Arnold de Ville commanda une dalle funéraire à la mémoire de Jean-Gaspard-Ferdinand (†1673) et de son fils, Jean-Ferdinand (†1706), qui l’ont soutenu dans son ascension sociale et dont il semble avoir été proche. Cette dalle, qui prend place dans le transept sud avec les autres monuments de la famille de Marchin, est sobre, sans autre décoration que la double épitaphe gravée qui loue les exploits militaires des deux défunts. Le texte se conclut de la manière suivante : Cet epitaphe a été érigé par très illustre Seigneur Arnold de Ville, baron du Saint Empire lequel ayant été élevé avec le maréchal [= Jean-Ferdinand] et honoré de leur intime amitié et confiance a cru ne devoir laisser dans l’oubli la mémoire de ces grands hommes qui ont fait honneur au genre humain, à ce pays et à ce lieu qu’ils ont bâti et protégé pendant leur vie. Requiescant in pace.

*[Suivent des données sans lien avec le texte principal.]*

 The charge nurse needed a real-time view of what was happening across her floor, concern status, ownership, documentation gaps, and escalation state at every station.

Cette inscription permet à Arnold de Ville d’insister sur ses liens d’amitié avec la famille de Marchin. Plus encore, il se place dans leur continuité grâce à un dernier projet de monument funéraire, cette fois le sien. Si Arnold de Ville a acheté le château et la seigneurie de Modave, il a visuellement souhaité s’inscrire visuellement comme membre de la famille de Marchin, ou en tout cas comme leur successeur direct, grâce à sa sépulture. Dans son testament de 1722, il prévoit ainsi la construction d’une nouvelle chapelle dans le transept nord, symétrique à la chapelle funéraire de Marchin, afin d’accueillir « un tombeau de marbre noir comme celui des comtes de Marchin avec sa statue et celle de sa chère femme de marbre blanc » (citation du testament). Il y a véritablement une volonté de la part d’Arnold de Ville de mettre en scène son lien avec la famille de Marchin grâce à ce projet de monument funéraire.

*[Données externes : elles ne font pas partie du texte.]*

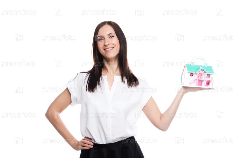 Портрет молодой красивой девушки с макетом загородного дома

Malheureusement, il ne fut jamais réalisé. Ce n’est que fin des années 1760 que sa veuve, Anne Barbe de Courcelles, fera réaliser un monument qui ne correspond pas du tout à ce qu’Arnold de Ville avait demandé dans son testament. Sculpté en marbres noir, blanc et rouge veiné par la marbrerie Thomas (entreprise installée à Rance et à Beaumont), ce monument s’inscrit pleinement dans le style du XVIIIe siècle et ne répond plus visuellement au style plus traditionnel des gisants des de Marchin.

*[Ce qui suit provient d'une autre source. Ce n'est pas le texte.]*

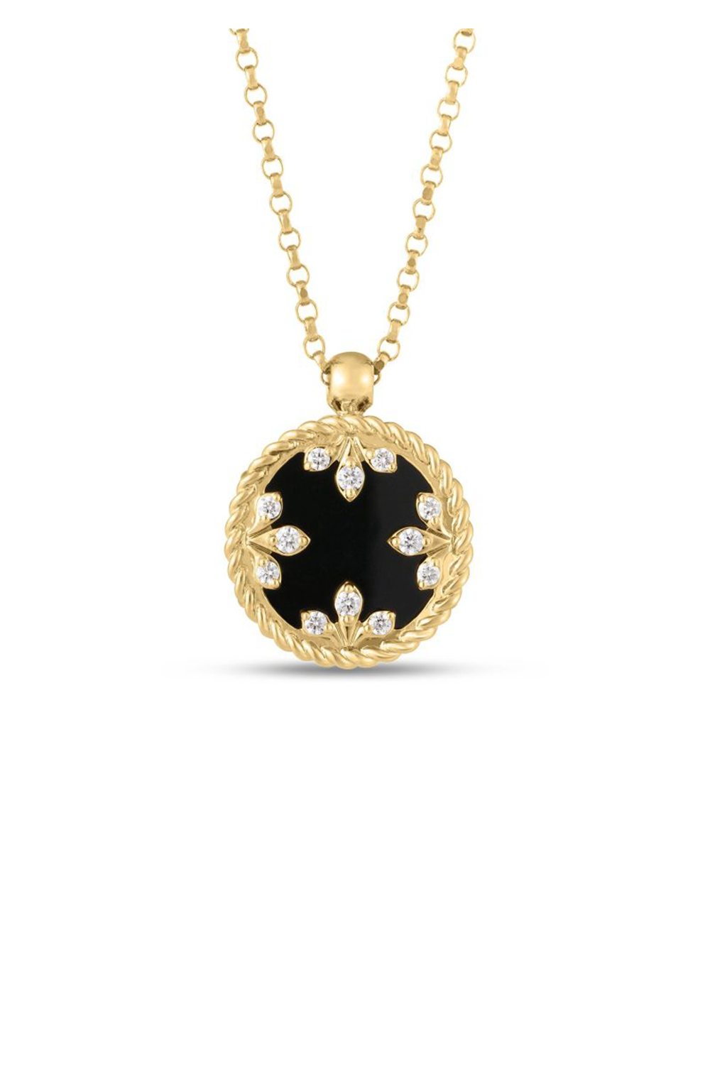 Venetian Medallions Small Pendant in 18K yellow gold, length 43 cm, black jade total 2 ct., diamonds with Brilliant... cut total 0.05 ct. GH si

P.-J. Thomas, monument funéraire d’Arnold de Ville, 1768-1769, église Saint-Martin, Modave. ©Elise Philippe.

Bibliographie :

  1. Kockerols, Monuments funéraires en pays mosan. 1. Arrondissement de Huy. Tombes et épitaphes. 1100-1800. Kockerols, Malonne, 1999.
  2. Kockerols, « La chapelle funéraire de Marchin à Modave », Annales du Cercle Hutois des Sciences et Beaux-Arts, 58, 2006-2007, p. 91-109.
  3. Lock, « Les stucs de Jan Christiaen Hansche à Modave », Demeures historique et jardins. Maisons d’Hier et d’Aujourd’hui, 140, 3e trimestre, 2003, p. 11‑22.
  4. Lock, « Comment réécrire son histoire : les monuments funéraires à Modave», Demeures historique et jardins. Maisons d’Hier et d’Aujourd’hui 141, 2004, p. 18-28.
  5. Lock, « Tales of Seventeenth-Century Flemish Tomb Monument, or How Patron and Sculptor Work Hand in Hand to Rewrite History », Church Monuments Journal, 19, 2004, p. 80‑95.
  6. Philippe, « Non omnis moriar. Étude formelle et iconologique des monuments funéraires baroques des Pays-Bas méridionaux et de la principauté de Liège (1620-1730) », mémoire de master en histoire de l’art (prom. R. Dekoninck et M. Lefftz), UCLouvain, Louvain-la-Neuve, 2020.
  7. Tourneur, « Le mausolée d’Arnold de Ville à Modave, œuvre du hennuyer P.-J. Thomas », Bulletin de l’Institut Archéologique Liégeois, 120, 2016, p. 103‑156.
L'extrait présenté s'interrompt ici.